(b. 1864, København, d. 1916, København)


Danish painter, born in Copenhagen and mainly lived and worked in the old quarter of that city. His father was a wholesale merchant and the family enjoyed a good standard of living. His younger brother was the painter Svend Hammershøi (1873-1948).

Hammershøi began his training at 8 and by the time he was in his mid-teens he was already studying at the Royal Academy of Art in Copenhagen. Towards the end of his study he also learnt at the Free Study School which offered a more liberal approach. His teacher was Peter Severin Krøyer.

He married Ida Ilsted (1869-1949) in 1891 and she provided the inspiration for many of his future works and is often the lone figure seen in his paintings. They lived a relatively quiet life, apart from Ida's reported fiery temperament, and had no children. They traveled together throughout Europe, including Paris, Berlin and London.

Later in his life he lived in the old merchant house at Strandgade in Copenhagen and he painted the interior of this house more than sixty times. Hammershøi died of throat cancer in 1916 in Copenhagen at the age of 52.

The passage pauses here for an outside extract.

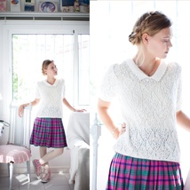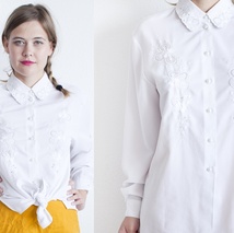 80-talls blondeskjorte, hvit bluse med blonder, lang-ermet skjorte, broderi

Hammershøi painted portraits, landscapes and many room interiors which frequently contained a single figure that was seated or standing. Many of his paintings show empty rooms or often include the profile, or view from the back, of his wife in a long dark dress. These interior paintings always show rooms inside his own home and due to their popularity Hammershøi's other subjects have been slightly overshadowed. He has painted sublime landscapes and architectural pictures that emit a lonely, deserted and empty feeling. There are definite elements of modernism in his work from the use of a muted palette and his frequent use of exaggerated light to the creation of similar yet subtly different paintings. Yet it is the interiors that remain the most popular due to the way they emit a solitary atmosphere devoid of life but still providing a real emphasis on a feeling of space.